Tras la ceremonia conmemorativa del 75º Aniversario de la Expropiación Petrolera en Salamanca, Guanajuato, el presidente Enrique Peña Nieto calificó de Inaplazable la transformación de Pemex para alcanzar una industria petrolera de vanguardia, que responda a las exigencias de México.

En este contexto, dio a conocer tres principios estratégicos para transformar a Pemex: Eficiencia Energética, Seguridad Energética y Sustentabilidad Energética, además de señalar seis ejes claves, para alcanzar modernidad, eficiencia y productividad, y convertir a esta industria en un ejemplo de innovación, desarrollo industrial y compromiso con el medio ambiente. Y dejó claro que, la transformación administrativa de Petróleos Mexicanos (Pemex) será parte de la reforma energética, pues esa paraestatal debe ser un “punto de arranque” en los planes para este sector.

El mandatario tiene toda la razón, poco podemos esperar los mexicanos de una reforma energética, si ésta no contempla la transformación de Pemex, y el acotamiento de su poderoso sindicato, hoy por hoy responsable, de mucho del gran rezago en que se encuentra la empresa y de la ominosa opacidad en la rendición de cuentas de la misma. Sin embargo, esto no es el peor problema que enfrenta Pemex hoy día, sino el robo de hidrocarburos, (la ordeña de oleoductos) perpetrado principalmente por el crimen organizado, que tan solo en el año e 2012 le dejó a Petróleos Mexicanos pérdidas por más de 7 mil 200 millones de pesos, casi 42 por ciento más que el año anterior.
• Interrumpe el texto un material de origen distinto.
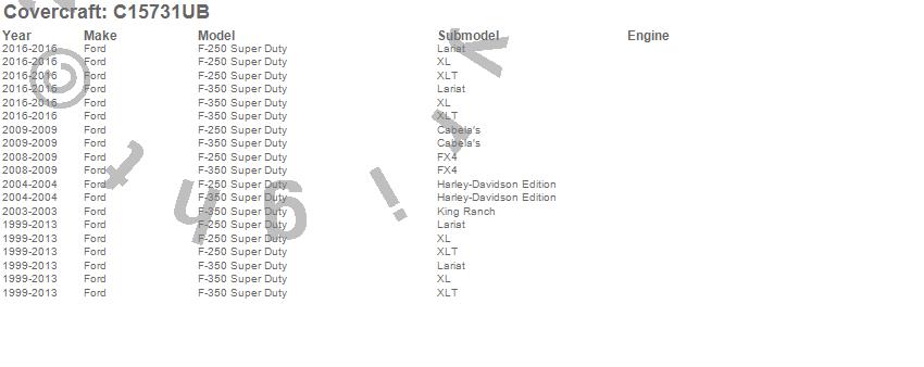 Below is an abbreviated list of applications for the Custom Fit Cab Cover.F-250 Super Duty, F-350 Super Duty, Ford, 2016, 2013, 2012, 2011, 2010, 2009, 2008, 2007, 2006, 2005, 2004, 2003, 2002, 2001, 2000, 1999

Según la propia paraestatal, la extracción ilícita de combustibles ha continuado a pesar de la serie de las acciones para combatirlas, por parte de la policía y el Ejército. Los robos persisten debido a que los oleoductos están tomados prácticamente por bandas del crimen organizado asociadas a grupos fuertemente armados de la localidad.

Durante 2012 el número de tomas clandestinas descubiertas fue de mil 749, trescientas treinta más que en 2011. De este total, mil 623 tomas clandestinas (92.8 %) fueron perpetradas en los ductos de Pemex Refinación para la extracción de combustible, una actividad redituable para los delincuentes ante el incremento en el costo de las gasolinas y diésel en el país. En el caso de gas se encontraron 81 ilícitos el año pasado, mientras que para el robo de crudo se detectaron por lo menos 45 tomas a los ductos de Pemex Exploración y Producción.

Informes oficiales destacan que hasta julio del año pasado, se llevaron a cabo 43 auditorías operativas a fin de combatir el robo de petrolíferos al interior de sus Centros de Trabajo, para lo cual se verificó la correcta aplicación de los procedimientos operativos, de medición y de manejo de productos, buscando disminuir los puntos vulnerables, susceptibles de actividades ilícitas.

En el caso de la red de ductos que corre por el país, Pemex ha recibido apoyo de la Secretaría de la Defensa Nacional, la Procuraduría General de la República, la Secretaría de Marina y la Policía Federal, sin que hasta el momento se logren erradicar los ilícitos.

Las bandas delictivas han desarrollado un negocio ilegal para distribuir el gas robado en la zona centro del país, equivalente a un valor de mercado de ¡¡10 millones de pesos por día !!. Sobre el destino de las ventas, se habla de países centroamericanos e incluso de oleoductos clandestinos hacia los Estados Unidos, pero no se tiene documentada legalmente esta situación.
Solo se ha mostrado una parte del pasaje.